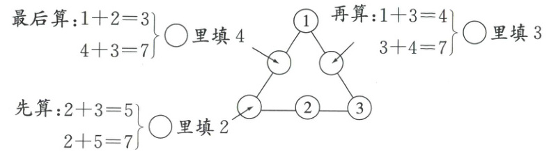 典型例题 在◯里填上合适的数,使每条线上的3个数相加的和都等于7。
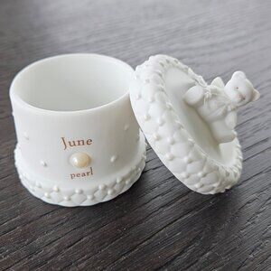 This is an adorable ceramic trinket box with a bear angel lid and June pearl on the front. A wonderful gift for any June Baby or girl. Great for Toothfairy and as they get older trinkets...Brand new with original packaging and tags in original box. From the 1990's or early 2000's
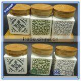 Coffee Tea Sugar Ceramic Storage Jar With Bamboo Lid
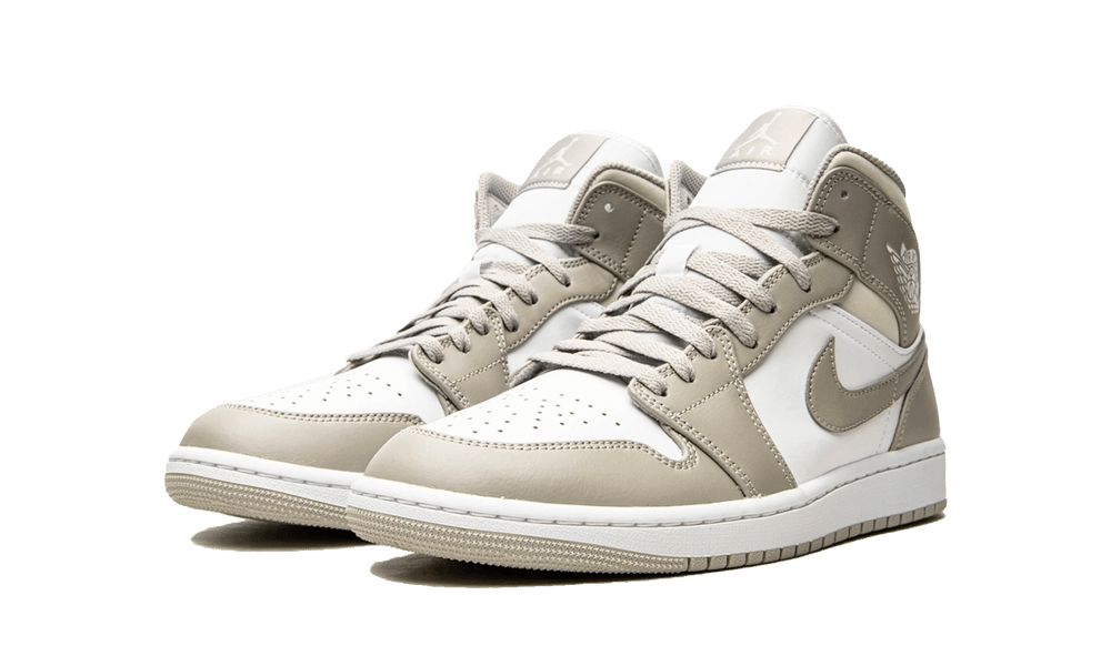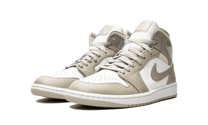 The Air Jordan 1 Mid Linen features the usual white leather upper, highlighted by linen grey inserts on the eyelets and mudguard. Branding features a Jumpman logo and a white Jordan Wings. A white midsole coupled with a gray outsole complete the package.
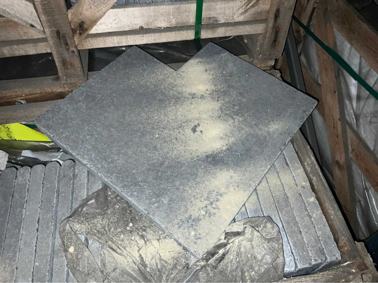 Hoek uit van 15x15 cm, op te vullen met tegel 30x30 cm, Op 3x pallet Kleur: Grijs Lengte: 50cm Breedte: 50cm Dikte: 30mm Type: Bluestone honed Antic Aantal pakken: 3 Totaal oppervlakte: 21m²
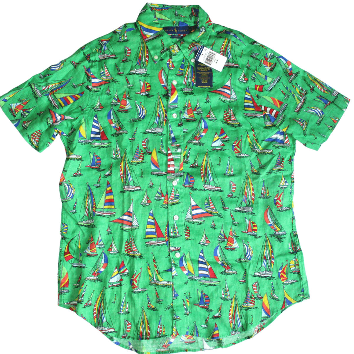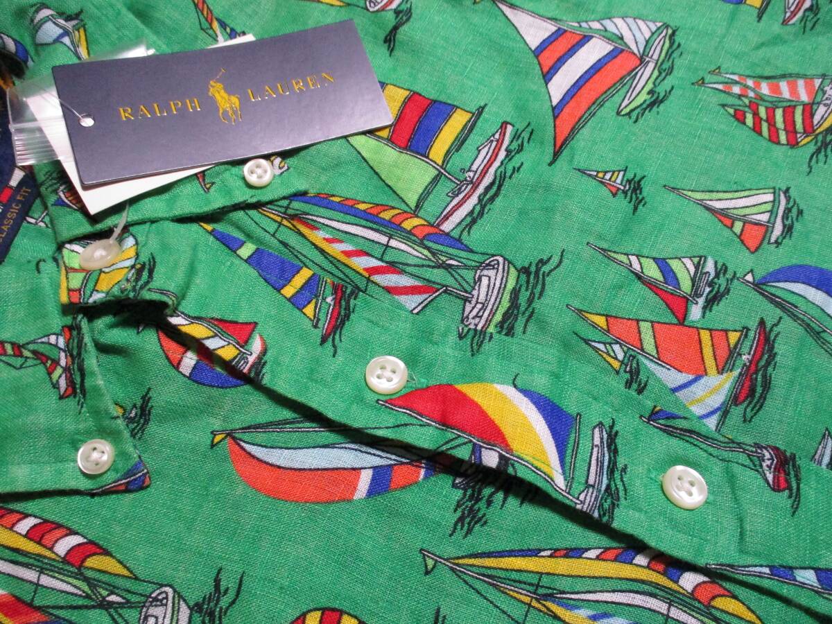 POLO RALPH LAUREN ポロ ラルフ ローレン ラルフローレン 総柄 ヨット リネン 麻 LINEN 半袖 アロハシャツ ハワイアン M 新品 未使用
::::
» Exercise directions:
Please transcribe each entry exactly, but skip any picture it holds.

» Written response:
 典型例题 在◯里填上合适的数,使每条线上的3个数相加的和都等于7。
 This is an adorable ceramic trinket box with a bear angel lid and June pearl on the front. A wonderful gift for any June Baby or girl. Great for Toothfairy and as they get older trinkets...Brand new with original packaging and tags in original box. From the 1990's or early 2000's
 Coffee Tea Sugar Ceramic Storage Jar With Bamboo Lid
 The Air Jordan 1 Mid Linen features the usual white leather upper, highlighted by linen grey inserts on the eyelets and mudguard. Branding features a Jumpman logo and a white Jordan Wings. A white midsole coupled with a gray outsole complete the package.
 Hoek uit van 15x15 cm, op te vullen met tegel 30x30 cm, Op 3x pallet Kleur: Grijs Lengte: 50cm Breedte: 50cm Dikte: 30mm Type: Bluestone honed Antic Aantal pakken: 3 Totaal oppervlakte: 21m²
 POLO RALPH LAUREN ポロ ラルフ ローレン ラルフローレン 総柄 ヨット リネン 麻 LINEN 半袖 アロハシャツ ハワイアン M 新品 未使用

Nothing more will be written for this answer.